■ WORK ORDER
Output must consist only of the lines of the material below from the one with "Колонки DEFENDER Boomer" through the one with "西陣織の有職柄が高貴な収納五", each reproduced exactly; no pictures belong in it.

■ SUPPLIED INFORMATION
-*-*-
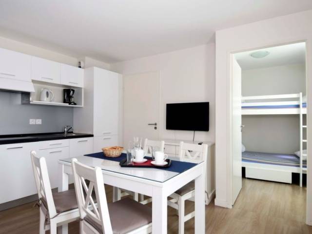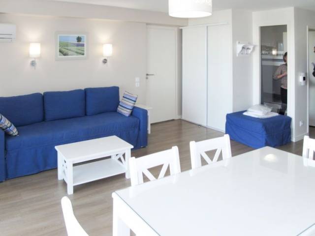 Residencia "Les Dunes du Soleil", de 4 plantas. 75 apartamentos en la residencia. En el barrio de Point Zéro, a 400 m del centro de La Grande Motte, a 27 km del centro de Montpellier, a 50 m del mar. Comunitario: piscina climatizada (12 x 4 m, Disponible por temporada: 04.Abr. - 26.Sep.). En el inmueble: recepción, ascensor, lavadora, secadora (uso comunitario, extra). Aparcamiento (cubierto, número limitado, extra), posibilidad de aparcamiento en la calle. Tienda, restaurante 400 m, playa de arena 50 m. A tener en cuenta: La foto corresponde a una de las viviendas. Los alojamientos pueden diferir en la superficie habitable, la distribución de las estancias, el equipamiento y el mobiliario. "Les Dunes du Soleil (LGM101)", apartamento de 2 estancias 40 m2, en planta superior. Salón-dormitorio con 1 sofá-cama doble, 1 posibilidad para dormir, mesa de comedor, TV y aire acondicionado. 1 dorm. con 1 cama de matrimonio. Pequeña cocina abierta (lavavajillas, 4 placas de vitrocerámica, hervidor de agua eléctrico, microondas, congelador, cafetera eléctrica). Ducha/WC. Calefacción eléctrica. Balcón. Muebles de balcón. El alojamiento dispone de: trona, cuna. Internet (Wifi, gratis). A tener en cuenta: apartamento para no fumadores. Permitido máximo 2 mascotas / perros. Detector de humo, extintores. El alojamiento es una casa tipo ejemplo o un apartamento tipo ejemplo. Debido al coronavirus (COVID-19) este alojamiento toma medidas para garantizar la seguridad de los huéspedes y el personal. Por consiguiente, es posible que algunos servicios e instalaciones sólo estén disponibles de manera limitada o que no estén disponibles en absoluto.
-*-*-
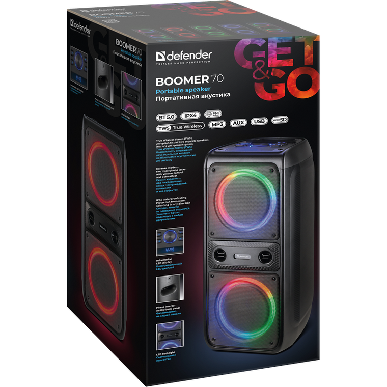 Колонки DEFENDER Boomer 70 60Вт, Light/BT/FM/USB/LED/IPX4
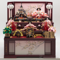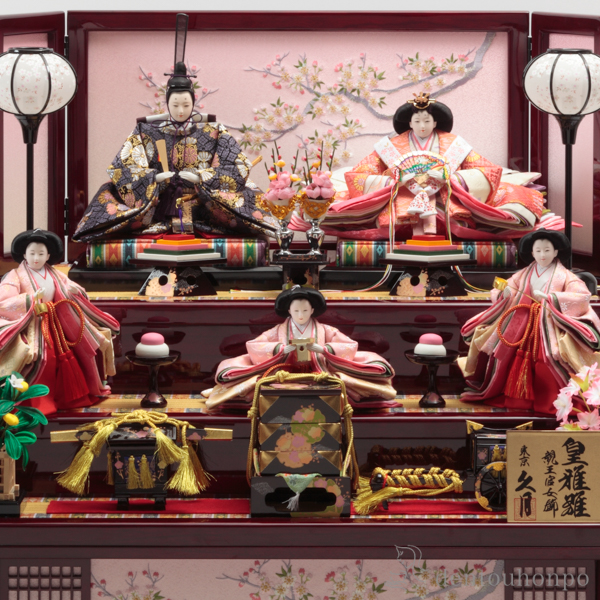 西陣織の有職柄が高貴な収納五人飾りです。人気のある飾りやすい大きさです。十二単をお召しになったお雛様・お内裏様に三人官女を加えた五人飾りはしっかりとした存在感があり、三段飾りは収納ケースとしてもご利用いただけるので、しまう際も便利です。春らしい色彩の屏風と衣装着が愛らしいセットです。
-*-*-
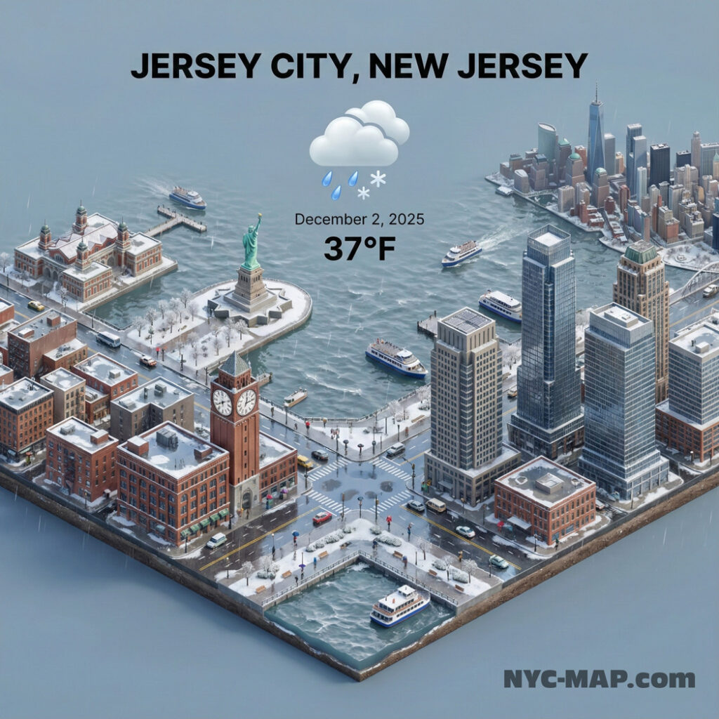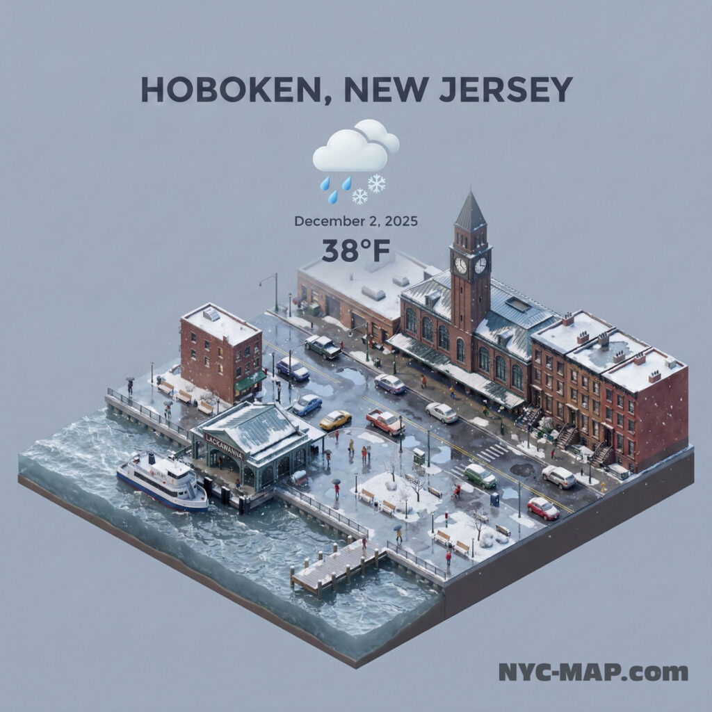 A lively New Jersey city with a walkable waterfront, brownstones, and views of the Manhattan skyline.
-*-*-
■ RESULT OF THIS TASK
 Колонки DEFENDER Boomer 70 60Вт, Light/BT/FM/USB/LED/IPX4
 西陣織の有職柄が高貴な収納五人飾りです。人気のある飾りやすい大きさです。十二単をお召しになったお雛様・お内裏様に三人官女を加えた五人飾りはしっかりとした存在感があり、三段飾りは収納ケースとしてもご利用いただけるので、しまう際も便利です。春らしい色彩の屏風と衣装着が愛らしいセットです。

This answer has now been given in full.